Hume's Contract

1. What is the author’s central question of the text? Is there explicit text giving a concise statement of this question? What is it?

Hume's central question is asking how the foundation or origin of government was established. He challenges and works with the ideas of John Locke in Social Contract theory when he states "…all lawful government on an original contract, or consent of the people…" meaning that authority and government power cannot be forced/is not a right. Governments are only lawful if it is established through an agreement amongst the people/society.

2. What is the author’s thesis? Is there an explicit sentence capturing it? What is it?

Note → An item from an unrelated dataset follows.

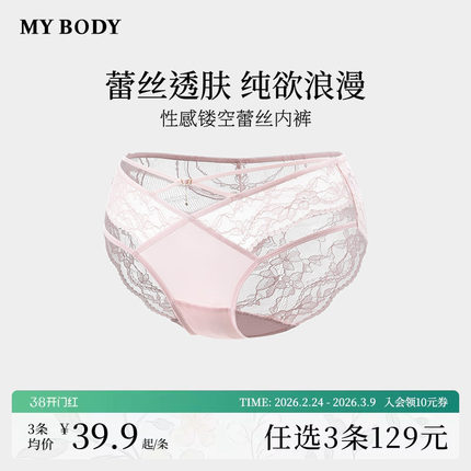 3件129|商场同款MYBODY女士内裤纯欲性感镂空蕾丝内裤低腰三角裤

Political authority is established and essential to ensure stability and peace for the people.

  • "when it appears, that both allegiance and fidelity stand precisely on the same foundation, and are both submitted to by mankind, on account of the apparent interests and necessities of human society"

  • "The general interests or necessities of society are sufficient to establish both."

Both of these excerpts from the text describe political authority/government as a best interest to society. Humes argues that government arises from the necessity to maintain order and security.

3. What is the big-picture structure of the argument?

Hume's big-picture structure of his argument is that the formation of a government doesn’t just happen voluntarily. Something that challenges what humans deem as a natural right has to arise (an act of violence, unlawfulness, force, etc.) for an agreement to form an authority to happen. Humes argues that society needs a government for social stability or to maintain order not because humans have the natural instinct to have the best interest of each other in a society.

4. Are any central terms/concepts that the author uses key to the argument?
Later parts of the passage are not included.